**Exercise goal:** The answer must consist solely of the lines from the one with "在项目现场,程正栋董事长察看" through the last line of the data, copied exactly, with no pictures.

(Beginning of Input records)

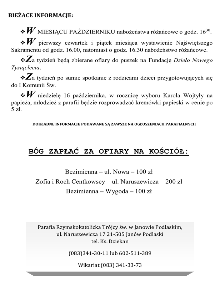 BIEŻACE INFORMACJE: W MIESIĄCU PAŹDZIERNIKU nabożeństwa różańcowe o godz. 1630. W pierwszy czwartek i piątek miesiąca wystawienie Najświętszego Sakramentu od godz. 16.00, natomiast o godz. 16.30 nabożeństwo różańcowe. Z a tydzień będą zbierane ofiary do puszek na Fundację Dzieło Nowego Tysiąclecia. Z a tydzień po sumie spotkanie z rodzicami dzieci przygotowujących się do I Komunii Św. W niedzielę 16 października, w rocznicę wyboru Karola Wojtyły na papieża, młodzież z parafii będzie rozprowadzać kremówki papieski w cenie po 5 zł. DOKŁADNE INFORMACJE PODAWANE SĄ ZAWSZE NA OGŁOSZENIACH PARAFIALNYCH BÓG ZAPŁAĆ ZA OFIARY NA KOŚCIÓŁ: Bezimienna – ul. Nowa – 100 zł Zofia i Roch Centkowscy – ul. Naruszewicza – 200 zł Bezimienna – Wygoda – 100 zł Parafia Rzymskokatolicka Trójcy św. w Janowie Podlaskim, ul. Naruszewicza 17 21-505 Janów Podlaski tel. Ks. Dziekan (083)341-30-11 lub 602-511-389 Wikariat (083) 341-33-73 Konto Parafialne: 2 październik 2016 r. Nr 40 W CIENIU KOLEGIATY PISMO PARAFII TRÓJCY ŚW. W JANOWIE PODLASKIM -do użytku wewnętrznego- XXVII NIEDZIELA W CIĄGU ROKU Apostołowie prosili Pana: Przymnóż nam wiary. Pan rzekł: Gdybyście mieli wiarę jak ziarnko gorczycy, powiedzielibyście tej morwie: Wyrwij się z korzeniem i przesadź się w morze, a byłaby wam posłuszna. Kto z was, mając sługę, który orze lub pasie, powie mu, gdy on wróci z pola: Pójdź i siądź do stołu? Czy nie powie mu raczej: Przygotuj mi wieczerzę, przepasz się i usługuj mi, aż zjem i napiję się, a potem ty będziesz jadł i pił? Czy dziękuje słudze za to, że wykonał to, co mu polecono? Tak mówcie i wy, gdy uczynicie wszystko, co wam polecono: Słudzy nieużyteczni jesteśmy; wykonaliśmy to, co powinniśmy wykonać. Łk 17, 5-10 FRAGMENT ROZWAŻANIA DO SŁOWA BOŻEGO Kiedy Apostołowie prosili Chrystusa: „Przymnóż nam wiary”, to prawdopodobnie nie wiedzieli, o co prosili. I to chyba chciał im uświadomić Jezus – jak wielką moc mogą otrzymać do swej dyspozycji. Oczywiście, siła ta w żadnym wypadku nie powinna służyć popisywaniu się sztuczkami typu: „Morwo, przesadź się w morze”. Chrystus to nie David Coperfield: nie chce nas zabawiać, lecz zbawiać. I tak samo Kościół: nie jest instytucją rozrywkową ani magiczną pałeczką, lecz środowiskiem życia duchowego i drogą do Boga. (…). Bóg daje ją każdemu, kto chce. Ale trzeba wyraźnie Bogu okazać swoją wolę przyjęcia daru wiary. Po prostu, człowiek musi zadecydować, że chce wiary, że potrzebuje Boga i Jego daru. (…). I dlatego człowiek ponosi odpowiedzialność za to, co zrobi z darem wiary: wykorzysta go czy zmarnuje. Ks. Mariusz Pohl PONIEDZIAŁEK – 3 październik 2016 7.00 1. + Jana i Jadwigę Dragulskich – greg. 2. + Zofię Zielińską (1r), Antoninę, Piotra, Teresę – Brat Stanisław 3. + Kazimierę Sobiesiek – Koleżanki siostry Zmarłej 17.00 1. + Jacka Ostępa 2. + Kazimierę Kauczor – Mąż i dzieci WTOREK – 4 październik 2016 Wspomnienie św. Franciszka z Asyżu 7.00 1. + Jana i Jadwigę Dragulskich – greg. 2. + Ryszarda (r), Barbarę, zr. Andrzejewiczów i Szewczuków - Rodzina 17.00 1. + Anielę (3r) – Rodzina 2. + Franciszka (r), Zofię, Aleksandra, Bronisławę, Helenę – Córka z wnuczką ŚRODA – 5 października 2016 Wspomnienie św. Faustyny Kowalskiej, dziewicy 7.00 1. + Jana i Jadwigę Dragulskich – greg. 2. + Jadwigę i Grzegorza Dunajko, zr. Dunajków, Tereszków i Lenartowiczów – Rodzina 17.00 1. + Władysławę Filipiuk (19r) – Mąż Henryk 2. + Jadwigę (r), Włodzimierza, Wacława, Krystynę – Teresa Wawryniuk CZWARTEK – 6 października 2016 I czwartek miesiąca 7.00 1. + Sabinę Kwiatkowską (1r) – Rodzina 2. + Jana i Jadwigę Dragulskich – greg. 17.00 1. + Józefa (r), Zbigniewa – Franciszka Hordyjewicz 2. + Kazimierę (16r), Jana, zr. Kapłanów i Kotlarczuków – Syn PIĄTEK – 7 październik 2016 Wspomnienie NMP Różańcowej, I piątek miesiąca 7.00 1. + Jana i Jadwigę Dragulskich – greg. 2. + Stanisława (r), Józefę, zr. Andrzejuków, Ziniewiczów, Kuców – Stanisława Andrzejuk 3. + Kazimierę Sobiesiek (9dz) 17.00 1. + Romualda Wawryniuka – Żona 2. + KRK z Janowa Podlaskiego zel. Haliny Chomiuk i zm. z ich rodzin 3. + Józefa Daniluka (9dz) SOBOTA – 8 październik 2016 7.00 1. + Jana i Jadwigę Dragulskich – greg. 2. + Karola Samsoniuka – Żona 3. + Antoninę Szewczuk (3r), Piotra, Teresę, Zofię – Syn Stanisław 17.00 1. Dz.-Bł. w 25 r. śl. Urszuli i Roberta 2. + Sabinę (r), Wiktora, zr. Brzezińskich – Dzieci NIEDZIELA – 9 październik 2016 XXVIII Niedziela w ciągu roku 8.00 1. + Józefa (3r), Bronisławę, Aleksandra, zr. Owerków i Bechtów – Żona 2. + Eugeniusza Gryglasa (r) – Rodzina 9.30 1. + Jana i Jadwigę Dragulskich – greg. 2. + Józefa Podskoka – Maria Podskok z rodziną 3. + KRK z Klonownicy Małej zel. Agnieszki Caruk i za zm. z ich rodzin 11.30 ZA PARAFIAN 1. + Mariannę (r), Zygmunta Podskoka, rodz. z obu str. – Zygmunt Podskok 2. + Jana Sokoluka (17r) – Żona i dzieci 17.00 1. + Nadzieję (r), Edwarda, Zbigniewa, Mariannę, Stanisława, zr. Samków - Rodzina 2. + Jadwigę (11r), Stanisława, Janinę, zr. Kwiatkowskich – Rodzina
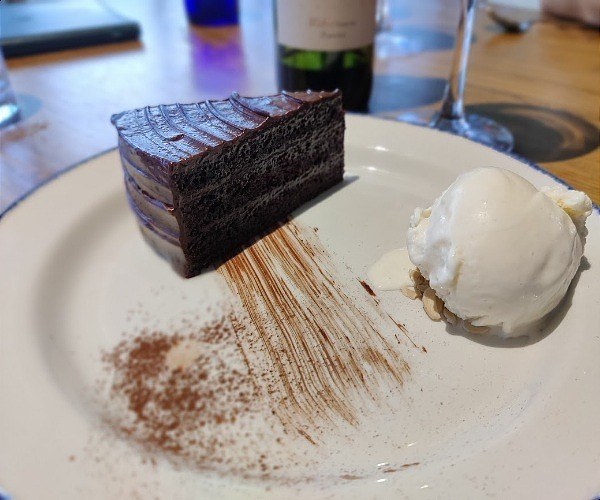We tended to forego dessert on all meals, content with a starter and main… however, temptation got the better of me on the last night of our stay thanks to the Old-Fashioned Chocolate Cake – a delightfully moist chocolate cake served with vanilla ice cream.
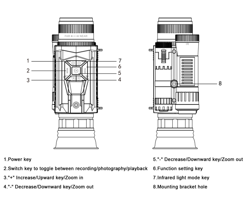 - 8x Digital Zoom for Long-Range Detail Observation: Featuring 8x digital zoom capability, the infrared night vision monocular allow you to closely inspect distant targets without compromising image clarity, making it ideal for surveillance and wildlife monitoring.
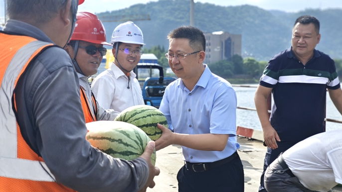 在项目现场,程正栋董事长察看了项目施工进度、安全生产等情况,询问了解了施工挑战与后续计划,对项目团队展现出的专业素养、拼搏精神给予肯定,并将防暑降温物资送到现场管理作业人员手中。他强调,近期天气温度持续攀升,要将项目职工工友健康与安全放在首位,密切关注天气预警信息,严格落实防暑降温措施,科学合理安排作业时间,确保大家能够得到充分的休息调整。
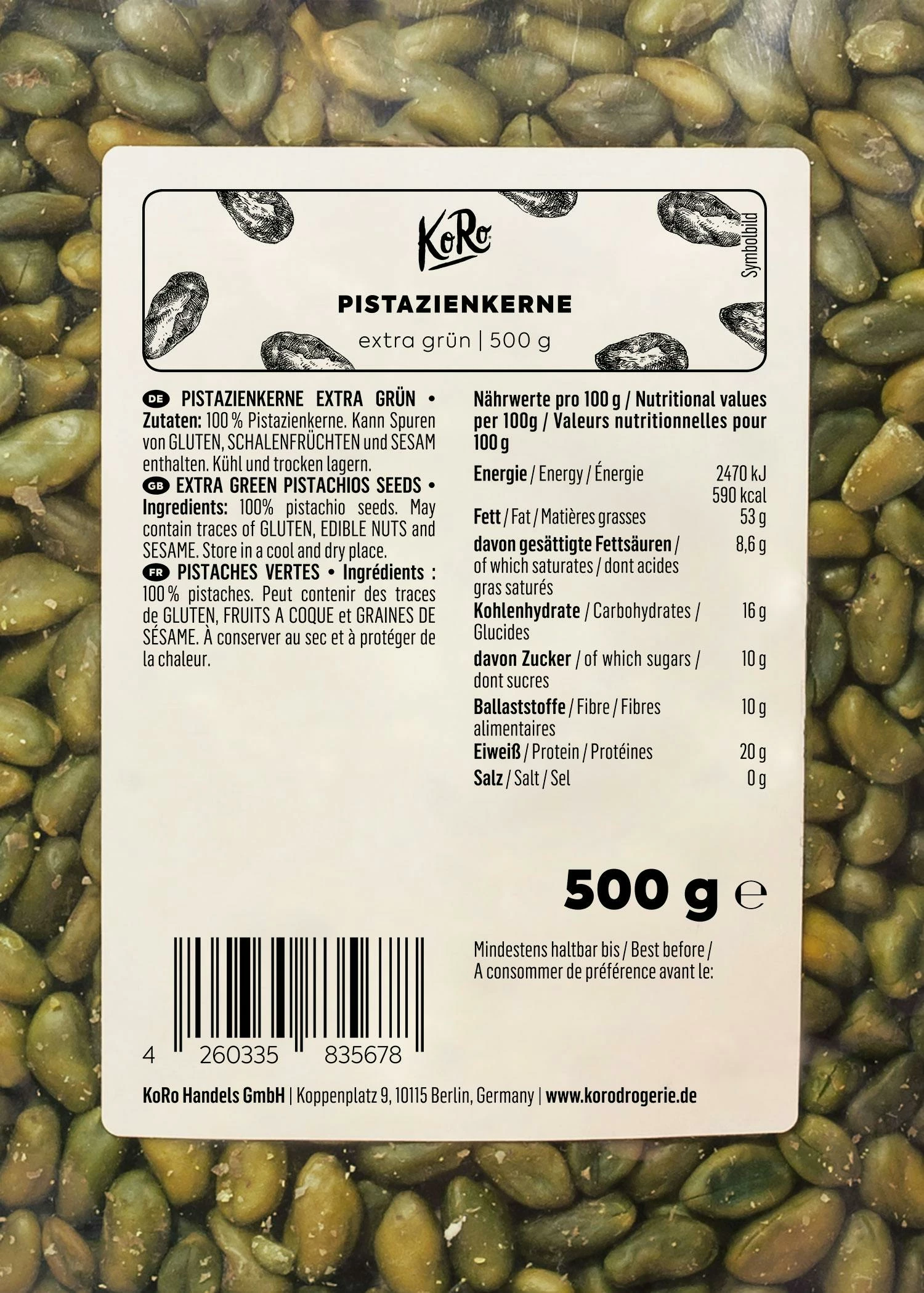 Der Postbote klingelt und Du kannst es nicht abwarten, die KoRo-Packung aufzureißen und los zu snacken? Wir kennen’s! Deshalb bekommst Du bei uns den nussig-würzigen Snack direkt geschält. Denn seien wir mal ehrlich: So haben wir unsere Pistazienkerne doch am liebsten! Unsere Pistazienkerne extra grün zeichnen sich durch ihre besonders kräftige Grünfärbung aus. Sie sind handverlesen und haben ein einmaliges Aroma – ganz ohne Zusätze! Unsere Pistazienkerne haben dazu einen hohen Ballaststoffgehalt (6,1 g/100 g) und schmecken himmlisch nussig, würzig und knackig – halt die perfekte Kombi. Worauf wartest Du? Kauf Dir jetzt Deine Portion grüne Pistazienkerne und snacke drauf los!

(End of Input records)

**Task response:**
 在项目现场,程正栋董事长察看了项目施工进度、安全生产等情况,询问了解了施工挑战与后续计划,对项目团队展现出的专业素养、拼搏精神给予肯定,并将防暑降温物资送到现场管理作业人员手中。他强调,近期天气温度持续攀升,要将项目职工工友健康与安全放在首位,密切关注天气预警信息,严格落实防暑降温措施,科学合理安排作业时间,确保大家能够得到充分的休息调整。
 Der Postbote klingelt und Du kannst es nicht abwarten, die KoRo-Packung aufzureißen und los zu snacken? Wir kennen’s! Deshalb bekommst Du bei uns den nussig-würzigen Snack direkt geschält. Denn seien wir mal ehrlich: So haben wir unsere Pistazienkerne doch am liebsten! Unsere Pistazienkerne extra grün zeichnen sich durch ihre besonders kräftige Grünfärbung aus. Sie sind handverlesen und haben ein einmaliges Aroma – ganz ohne Zusätze! Unsere Pistazienkerne haben dazu einen hohen Ballaststoffgehalt (6,1 g/100 g) und schmecken himmlisch nussig, würzig und knackig – halt die perfekte Kombi. Worauf wartest Du? Kauf Dir jetzt Deine Portion grüne Pistazienkerne und snacke drauf los!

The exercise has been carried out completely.